大相撲名古屋場所はコロナ感染の影響で多くの休場者を出しながら逸ノ城の優勝で幕を閉じました。日本の国技と言われている相撲ですが、残念なことに最近はモンゴルに代表される外国人力士の活躍に圧倒されるようになってきました。この影響もあってか、野球やサッカーやテニス、ゴルフ等に主役の座を奪われつつありますが、依然として根強い人気を保っているようです。

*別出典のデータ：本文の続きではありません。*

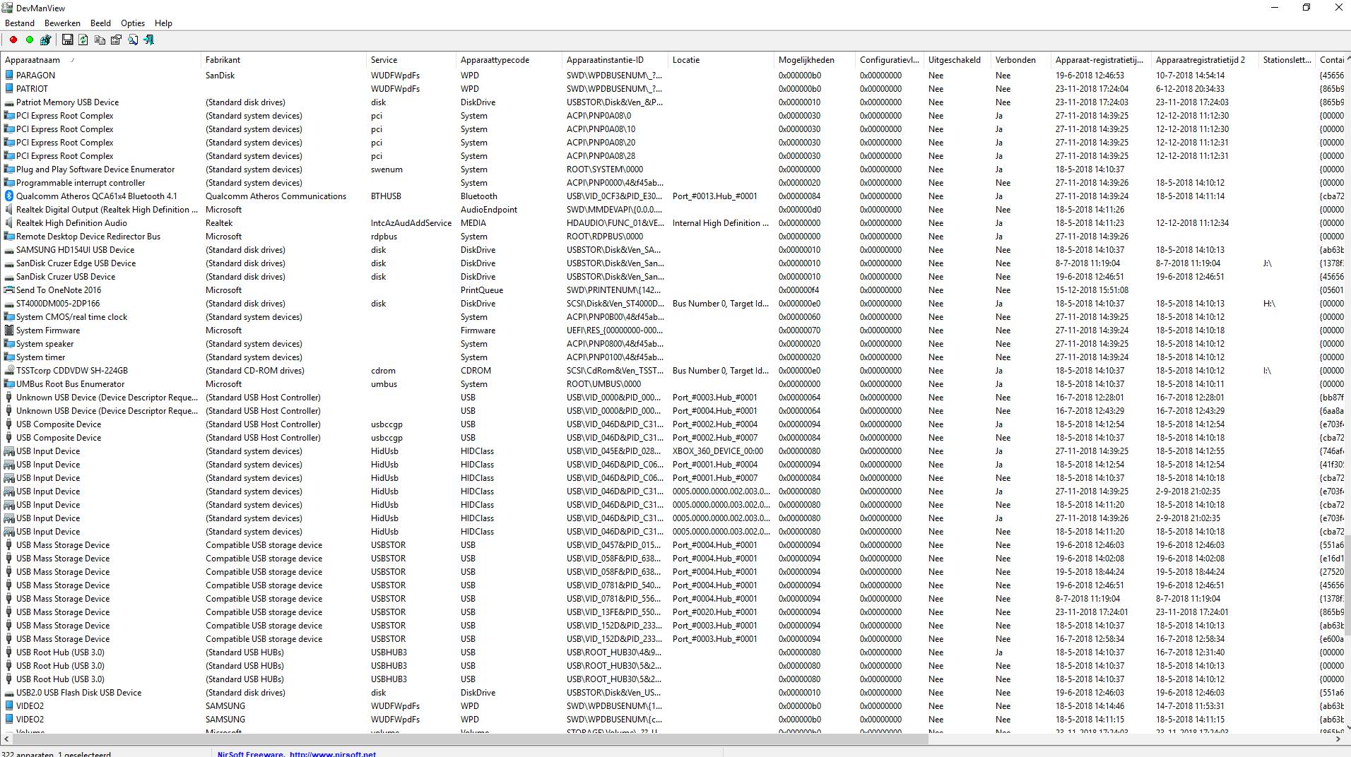 Alles wat geen software is heet in Windows een apparaat en om in de gegevens daarvan te snuffelen hebben we Apparaatbeheer. Wie echter écht het naadje van de kous wil weten wende zich tot DevManView. Dit programma geeft een lijst van alle apparaten en doet dat niet in de boomstructuur die Windows daarvoor gebruikt. Dat betekent dat u ze op allerlei technische kenmerken kunt sorteren. Ook kunt u apparaten in of uitschakelen (pas daarbij goed op!) of de bijbehorende registerverwijzing bekijken. Geavanceerde gebruikers kunnen zelfs met een alternatieve apparaatlijst werken bij hardware-problemen.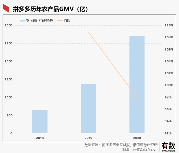 在这模式加持下,拼多多2018年农副产品GMV仅为653亿,2019年翻番达到1364亿,2020年再次增长至2700亿,三年增速达到4倍左右,现在的拼多多已经是中国最大的农产品电商平台。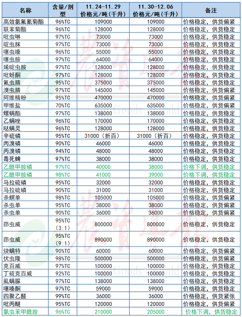 97%乙酰甲胺磷原药价格下跌2,000元,至38,000元/吨;98%乙酰甲胺磷原药下跌2,000元,至39,000元/吨;96%氯虫苯甲酰胺原药下跌5,000元,至205,000元/吨。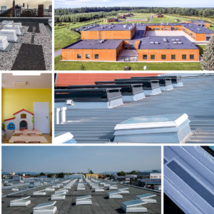 Okno dachowe płaskie do budynków administracyjnych, edukacyjnych lub mieszkalnych.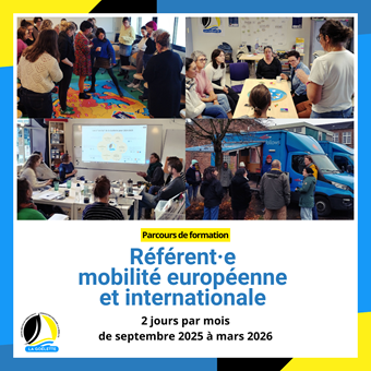 Le programme comprend un parcours de formation « Référent.e mobilité internationale », 3 formations, et une mobilité de professionnel.les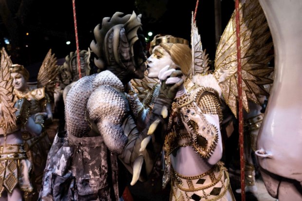 Foliões da escola de samba União da Ilha durante o desfile de Carnaval no Sambódromo, Rio de Janeiro AFP PHOTO / YASUYOSHI CHIBA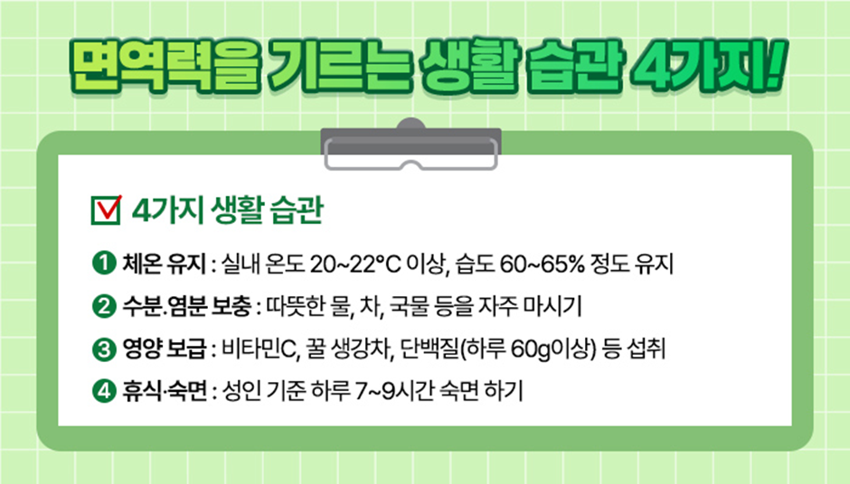 몸이 회복할 수 있도록 충분히 쉬세요. 스트레스나 과도한 활동은 회복을 늦출 수 있습니다. 성인의 경우 하루 7~9시간 정도의 숙면이 권장됩니다. 충분한 수면은 면역력 강화의 기본입니다.

「すもう」の語源は争うという意味の「すまひ」が「すまふ」となったと言われており、古代には古事記や日本書紀に登場するほど格闘技としての意味合いが強いものでした。その後平安時代には力のある男性が神前で天下泰平、子孫繁栄、五穀豊穣、大漁を祈り、その力を捧げる神事として確立しました。続いて鎌倉時代以降の武家社会には武道として奨励されることになり源頼朝や織田信長は度々上覧相撲を催しました。更に江戸時代には芸能や職業スポーツとして位置づけられ、今日の大相撲の基礎が築かれることになりました。こうして相撲は日本文化の変遷に沿うように形や存在意義を変えながら現在まで続いてきており、日本固有の宗教である神道に基づいた神事や祭りであり、武芸でもあり武道なのです。このことは、結びの一番の終わった後の「弓取り式」があることでも分かります。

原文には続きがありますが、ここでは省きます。